How are implicit biases holding us back? | Allison Stanger
It's extremely important to realize that we have biases about what genders are good at what.
So for example, I was a mathematics major in college. I went through all of high school without anyone ever telling me that I was good at math, even though I got hundreds on all the exams. I just thought that that's how math was. There was a right answer and you got the right answer, and this is what everybody was doing.
And it took a female professor in college who told me, "You're really good at math. You really should become a math major." And I said, "What would I do with a math major?" And she said to me something I'll always remember. She said, "If you're a woman who's good at math, you can do anything."
It's really important that women be encouraged to pursue their interests from an early age and to be taught that they too can be good at math because mathematics builds.

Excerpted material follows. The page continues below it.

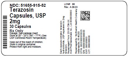 Terazosin Capsules, USP 2 mg, are available as size 3 yellow opaque cap and white opaque body hard gelatin capsules, imprinted with "736" on the cap and "2 mg" on the body in black ink, packaged in bottles of 30 NDC # 51655-915-52.
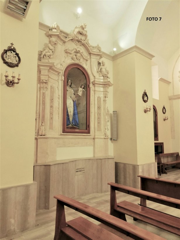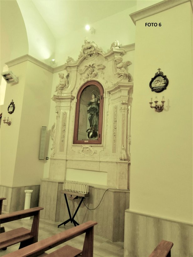 Nella zona immediatamente prima dell’altare, sulle pareti laterali, ci sono due bellissimi altari (foto 6-7) finemente decorati in stile barocco con ricami floreali e angelici. Nel 1977 le parti inferiori degli altari sono state modificate e rivestite con lastre in marmo.

I'm saying this as a lead into greater diversity in the cybersecurity field because I think it's really the case that all sorts of assumptions are made about bell curves and who's at the tail.

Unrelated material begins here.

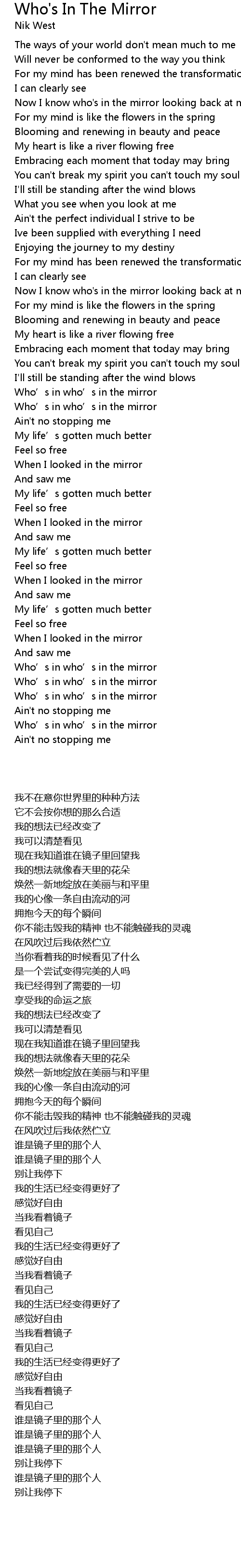 | [01:53.416] | Who' s in who' s in the mirror |

And there's some real statistics that show that if you're looking for the high achievers in mathematics, there's disproportionately males in the sort of aptitude tests. But guess what? Bell curves don't matter. Individuals do. That doesn't tell you a single thing about the individual, and it's extraordinarily important that women be educated to believe that they can accomplish as much in mathematics as men do because we don't really know whether that's a social artifact or whether that's a tendency that might have more robustness.
But what we want to get away from is women essentially being invisible when they're good in STEM fields. I can cite countless examples that I've seen of women being equally good at math and at verbal things, and yet they're encouraged and noticed for their verbal accomplishments when their mathematic accomplishments might be equivalent.

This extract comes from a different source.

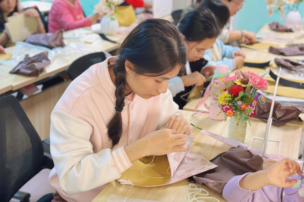 如果说学法是为女性披上维护权益的“铠甲”,那么手作便是为生活缝制温暖的“外衣”。在随后的口金包手作环节,妇女们纷纷拿起针线,在指导老师的悉心教学下,以针为笔、以线为墨,一针一线地缝制出独具特色的复古口金包。针线穿梭间,大家互相帮助、交流心得,分享生活智慧,现场流淌着温暖与欢笑。通过亲手制作,不仅体验了传统手工技艺的魅力,更在一针一线中传递着耐心、细致与专注的良好家风。

So this is a long-winded way of saying that we have all kinds of implicit biases, and I think it's really important for women to believe that they too can excel in whatever field they choose to enter.
And it's in the interests of society that everybody be allowed to pursue their interests without trying to put them in different sorts of boxes. It's also important because with technology, technology just isn't the engineering. What we're seeing increasingly within fields like artificial intelligence is that sometimes if you just pursue a scientific or engineering solution, the technology can go off the rails.
And so we need people studying cybersecurity, artificial intelligence from diverse backgrounds precisely because we want to be able to ensure that the products we produce aren't actually bringing about unintended harms.